This year’s Miles Franklin Award has proven a boon for novella lovers, with three of the six books shortlisted for Australia’s biggest literary prize clocking in under 200 pages (another is 750+ so… swings and roundabouts). By chance, I’ve already reviewed Hospital and Wall, but had not heard of Only Sound Remains until the list was announced so I’m indebted to the judges for putting me onto it.
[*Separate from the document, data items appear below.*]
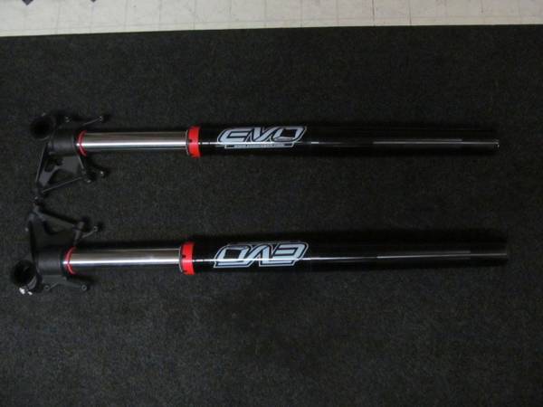 Last items are rear shock and front forks from a 2023 890 Adventure S. Taken off when new to be re-valved and re-springed? for a 175lb. rider by EVOOREGON.COM in Oregon. Ended up using shortened R suspension that offered a greater adjustment than the S suspension does. An upgrade from earlier S suspension sets with adjustable compression and rebound on the forks. Rear shock has remote preload, hard/soft adjuster, and measures 14.5" eye to eye. Front forks measure 34" from the fork cap to the axle center, and 8 5/8" from the bottom of the fork leg to the top of the axle clamp bracket. Perfect if wanting to lower your R chassis, upgrade your older suspension, or to replace damaged components. Rear shock part number online is 6637C429U313000, on the shock is 0637C429U313000-01, with a KTM list new at $1,595, $500 for like new. Front fork set part number 05586S2901 with a KTM list of $2,707 for the pair, $900 for like new and improved.
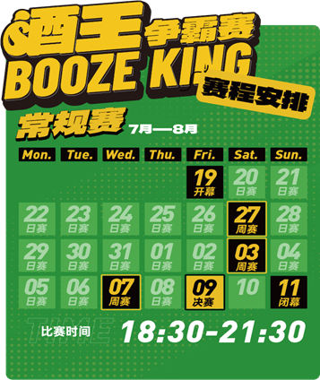 本届酒王争霸赛以“为自己干杯”的主题,除周赛和决赛外,每日18:30-21:30举办日赛,日赛成绩优异者可进入周赛比拼。
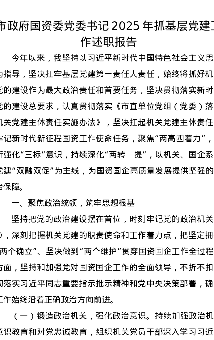 市政府国资委党委书记2025年抓基层党建工作述职报告
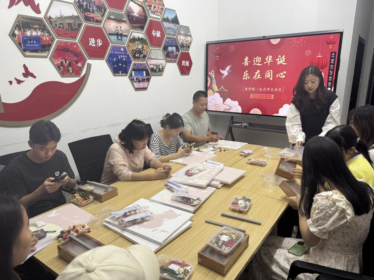 合影收官,定格美好瞬间。11点20分,活动进入尾声。全体参与者手持作品,伴随着“3、2、1,祝祖国生日快乐”的齐声祝福,相机定格下一张张洋溢着幸福的笑脸与饱含深情的创意手作。商学院学生科长方立总结时说:“今天大家用手作传递爱国情,既收获了欢乐,更深刻体会到了节日的深层内涵。后续“一站式”学生社区会继续做大家的‘第二个家’,多办这样有温度的活动。”
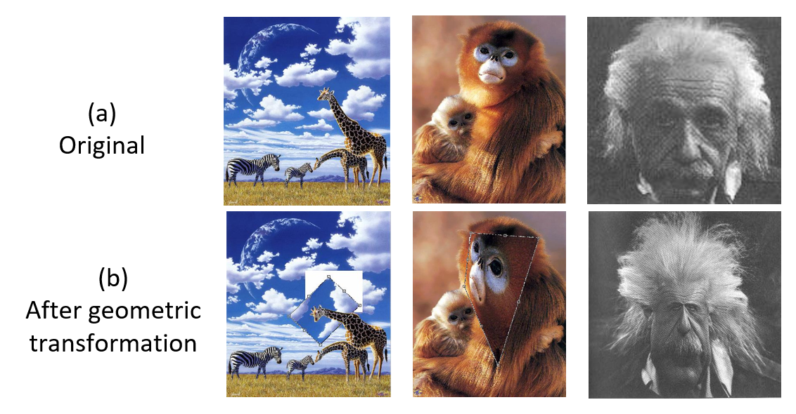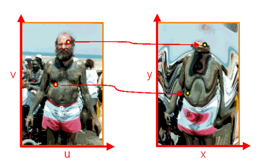 其中 \(f(x, y)\) 表示输入图像,\(g(x, y)\) 表示输出图像,函数 \(a(x, y), b(x, y)\) 唯一地描述了空间变换。
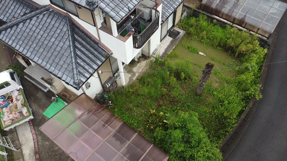 次に裏庭です。すぐ裏に山があるので、日中でもジメジメしていて蚊が群がってきます。
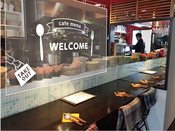 飛沫安心ガード。透明度の高いペットロールシート。抗菌仕様で清潔に。
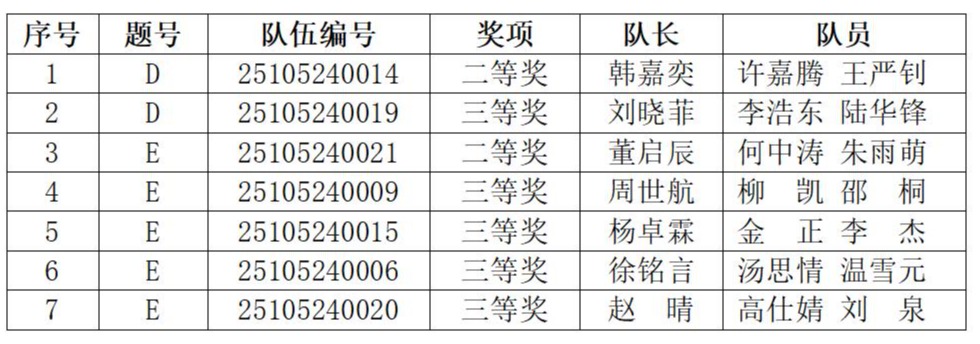 12月5日,由教育部學(xué)位管理與研究生教育司指導(dǎo)、中國學(xué)位與研究生教育學(xué)會和中國科協(xié)青少年科技中心共同主辦的“華為杯”第二十二屆中國研究生數(shù)學(xué)建模賽題交流和競賽頒獎典禮在中國礦業(yè)大學(xué)舉行。來自我校數(shù)學(xué)與統(tǒng)計學(xué)學(xué)院、管理學(xué)院、計算機(jī)學(xué)院、生物醫(yī)學(xué)工程學(xué)院、電子信息工程學(xué)院的7支隊伍獲獎。其中2支隊伍獲得全國二等獎(獲獎比例為12.66%),5支隊伍獲得全國三等獎(獲獎比例為19.82%)。此外,我校另有13支隊伍獲得成功參與獎。獲獎詳情如下:
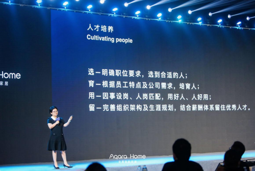 广州建众企业管理咨询创始人兼绿米联创经营首席顾问侯定文在大会上分享了她对企业经营的心得体会,她表示,在疫情迷雾中服务商应保持乐观,在人才、渠道、服务等方面积极布局,抢占后疫情时代先机。绿米联创IoT服务运营中心总经理孙奇凡则回顾了Aqara服务商体系的一路成长。展望未来,他认为物联网的黄金时代已经到来,Aqara将为服务商提供管理培训、产品工具、运营诊断、市场导流等全方位支持,助力服务商抓住黄金十年。绿米联创CMO张莹分享了她在品牌营销上的专业洞见,她提出,智能家居行业卖的不是单一产品,而是一种智慧生活方式,未来Aqara将成为一个有温度的品牌。

Saeed is an Iranian author living in Adelaide, having fled his homeland after falling afoul of the regime. One day, Saeed’s father, Ismael, calls to say he is visiting. It is out of character for the old man, and we soon learn that he is coming with a very particular purpose: to tell his son of his involvement in Iran’s 1966 political upheaval, and to unload about his great unrequited love for the controversial poet Forugh Farrokhzad.
Only Sound Remains is a complex, deeply serious novel, achingly beautiful in its spare lyricism. Although sculpted to within an inch of its life, and oddly unsatisfying in aspects of its resolution, it is refreshing and unexpected in what it has to say, and makes for a welcome Miles Franklin contender.
Only Sound Remains by Hossein Asgari
Puncher & Wattmann, 2024
175 pages
This sounds good. And such a gorgeous cover, but if I want to read it I will likely opt for Kindle because the paperback is pricey to get in these parts. Thanks for highlighting it, Bram.